### About this exercise
Reproduction of part of the material below, pictures omitted: copy exactly, and only, the lines starting with the one with "安徽六安霍山縣汽油、柴油11" and going on through the one with "LIEBESKIND Berlin watch".

### Records for the task
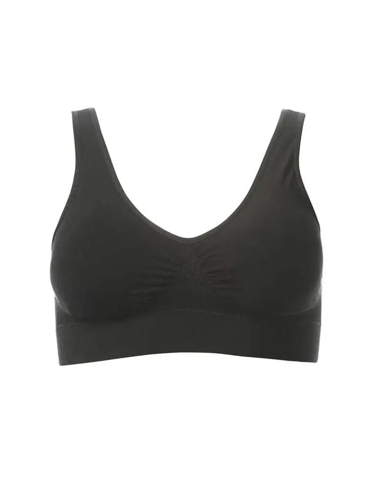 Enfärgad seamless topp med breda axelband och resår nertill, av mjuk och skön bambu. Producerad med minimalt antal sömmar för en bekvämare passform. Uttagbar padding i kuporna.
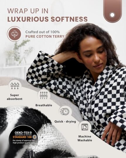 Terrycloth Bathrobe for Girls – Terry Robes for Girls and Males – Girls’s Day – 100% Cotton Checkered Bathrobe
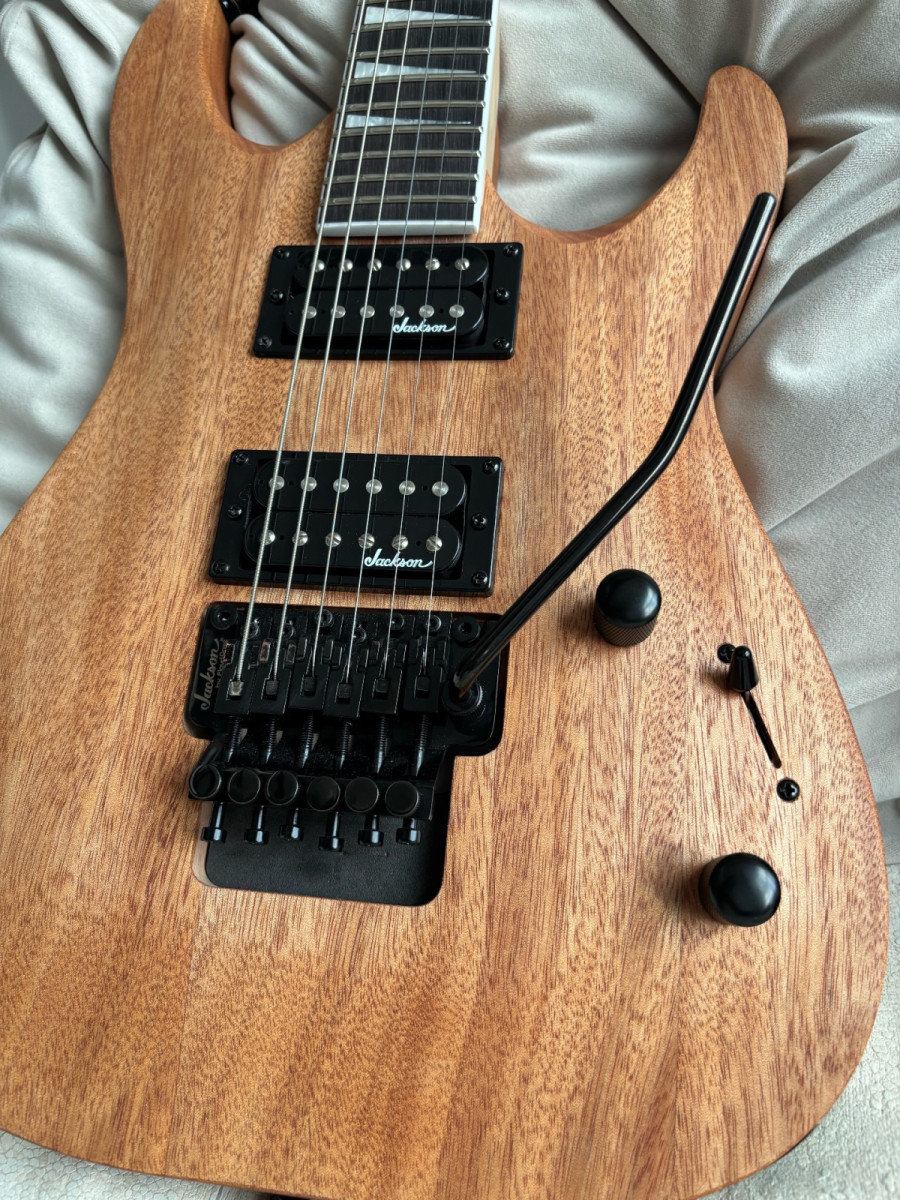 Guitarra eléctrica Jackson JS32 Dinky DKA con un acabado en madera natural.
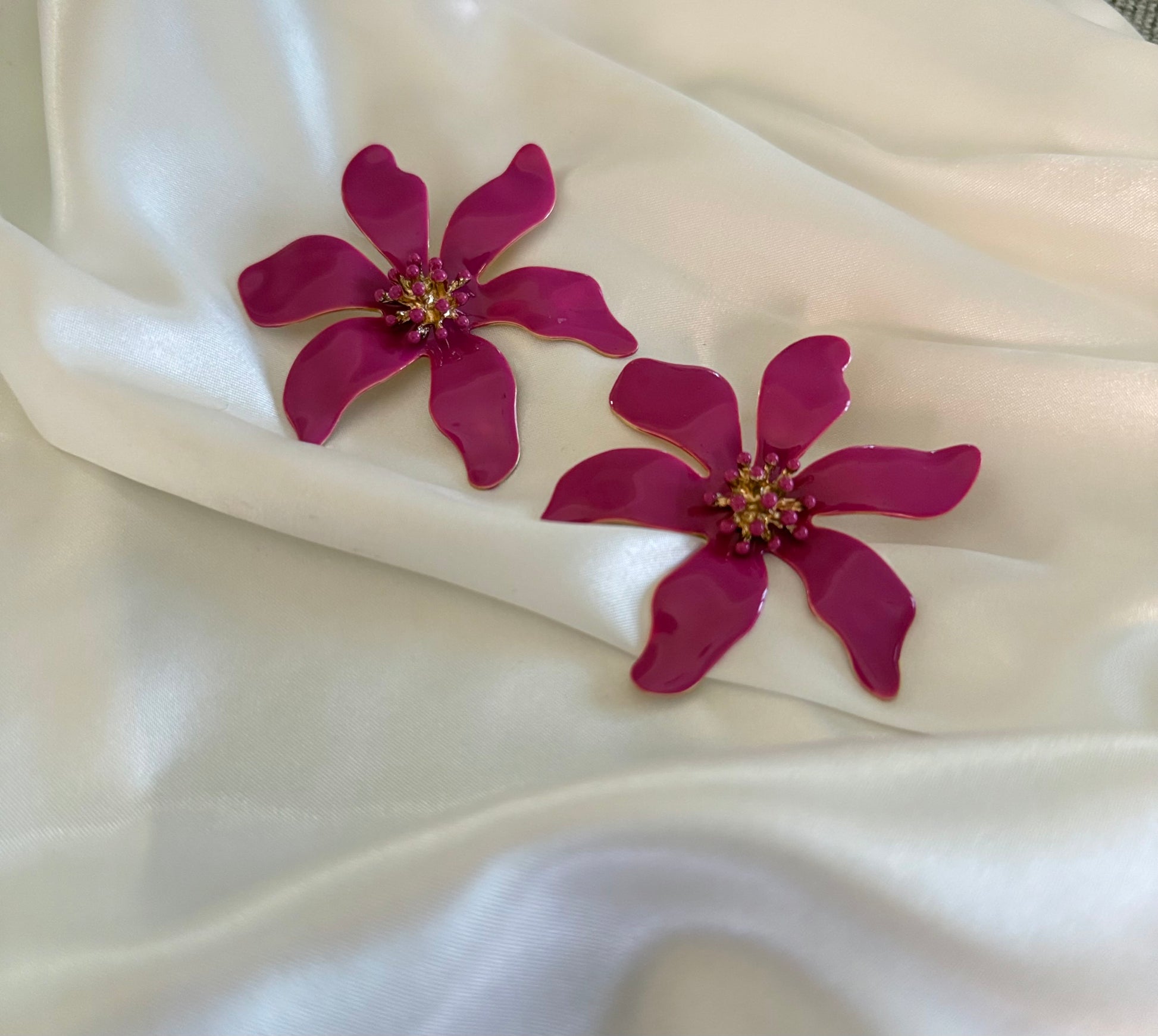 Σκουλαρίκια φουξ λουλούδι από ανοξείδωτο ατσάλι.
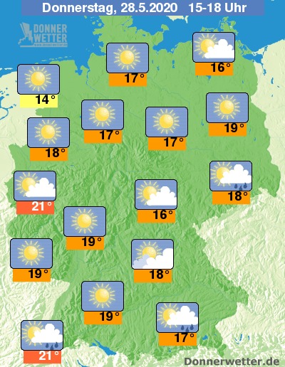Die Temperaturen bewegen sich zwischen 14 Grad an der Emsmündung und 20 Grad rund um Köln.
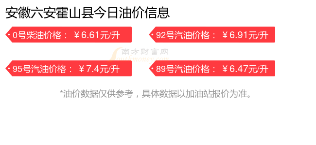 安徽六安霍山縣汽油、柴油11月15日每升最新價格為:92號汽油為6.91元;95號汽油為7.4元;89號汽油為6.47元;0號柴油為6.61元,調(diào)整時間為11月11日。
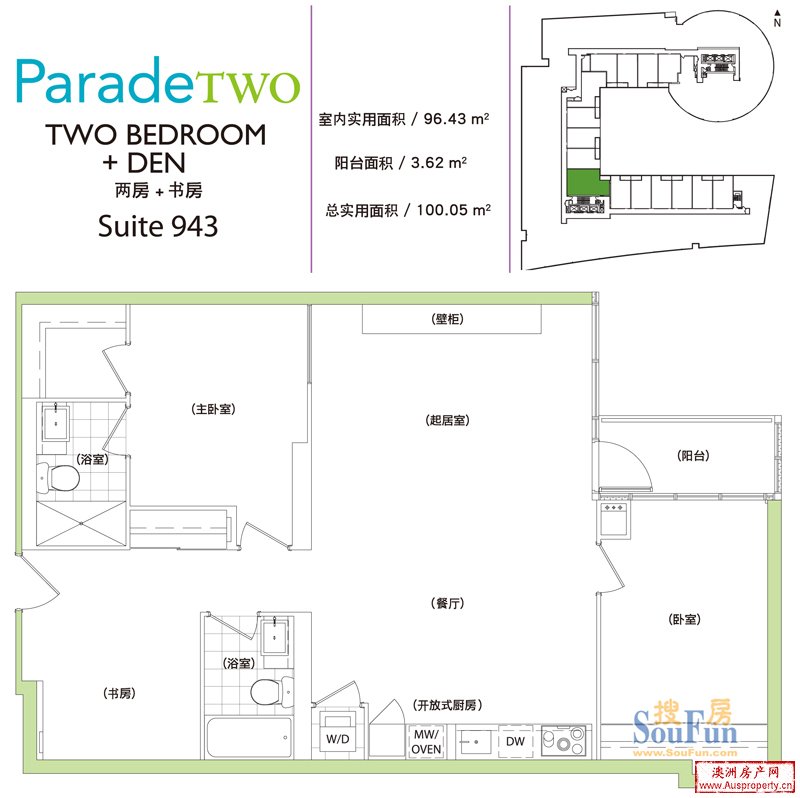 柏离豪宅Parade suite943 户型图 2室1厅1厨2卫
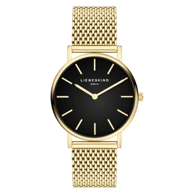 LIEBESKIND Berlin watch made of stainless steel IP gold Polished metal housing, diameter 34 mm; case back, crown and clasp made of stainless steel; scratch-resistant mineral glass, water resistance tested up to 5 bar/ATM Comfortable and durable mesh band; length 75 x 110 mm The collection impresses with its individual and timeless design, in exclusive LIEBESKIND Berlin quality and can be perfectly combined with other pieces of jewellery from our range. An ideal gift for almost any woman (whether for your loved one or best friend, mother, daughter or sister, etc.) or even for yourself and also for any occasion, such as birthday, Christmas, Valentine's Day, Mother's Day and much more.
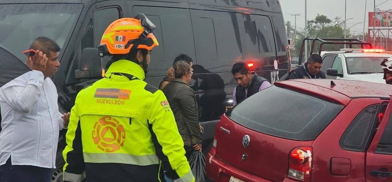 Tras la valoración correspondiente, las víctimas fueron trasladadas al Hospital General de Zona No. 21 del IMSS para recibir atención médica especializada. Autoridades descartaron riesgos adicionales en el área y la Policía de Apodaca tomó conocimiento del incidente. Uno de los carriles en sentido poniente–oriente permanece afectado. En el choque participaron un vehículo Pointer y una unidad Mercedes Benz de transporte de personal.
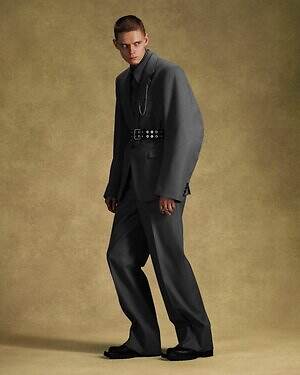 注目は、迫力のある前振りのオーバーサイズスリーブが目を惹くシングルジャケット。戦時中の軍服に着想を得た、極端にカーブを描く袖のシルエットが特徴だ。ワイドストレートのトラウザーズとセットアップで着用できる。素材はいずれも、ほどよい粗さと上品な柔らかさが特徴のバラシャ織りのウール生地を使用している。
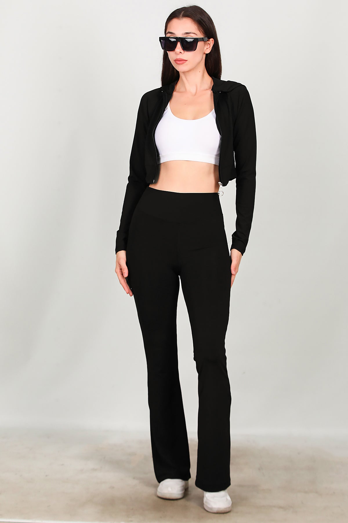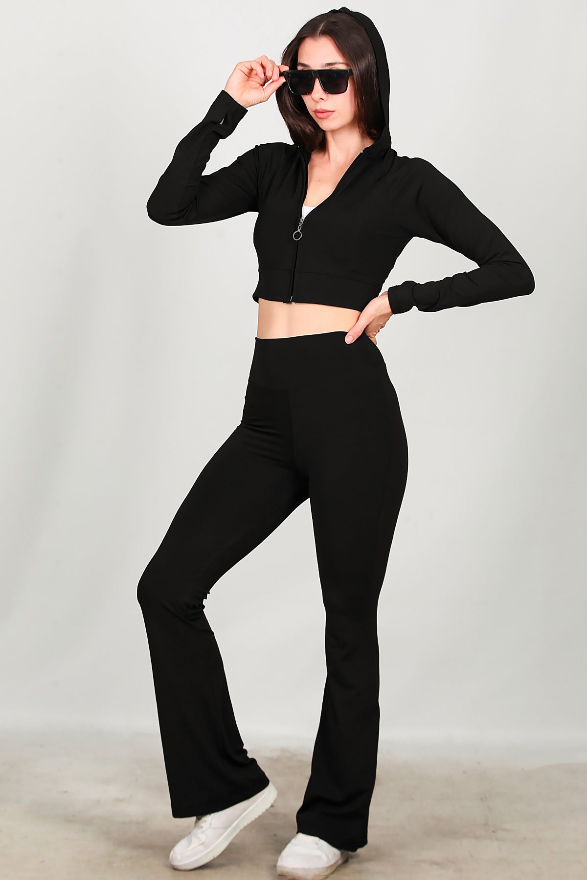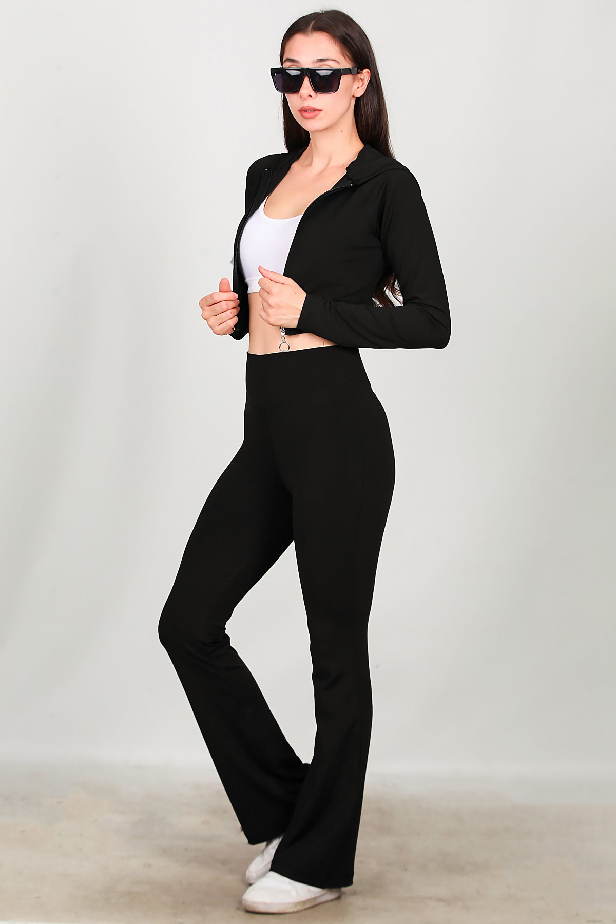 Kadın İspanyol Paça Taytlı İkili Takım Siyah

### Reply to the exercise
 安徽六安霍山縣汽油、柴油11月15日每升最新價格為:92號汽油為6.91元;95號汽油為7.4元;89號汽油為6.47元;0號柴油為6.61元,調(diào)整時間為11月11日。
 柏离豪宅Parade suite943 户型图 2室1厅1厨2卫
 LIEBESKIND Berlin watch made of stainless steel IP gold Polished metal housing, diameter 34 mm; case back, crown and clasp made of stainless steel; scratch-resistant mineral glass, water resistance tested up to 5 bar/ATM Comfortable and durable mesh band; length 75 x 110 mm The collection impresses with its individual and timeless design, in exclusive LIEBESKIND Berlin quality and can be perfectly combined with other pieces of jewellery from our range. An ideal gift for almost any woman (whether for your loved one or best friend, mother, daughter or sister, etc.) or even for yourself and also for any occasion, such as birthday, Christmas, Valentine's Day, Mother's Day and much more.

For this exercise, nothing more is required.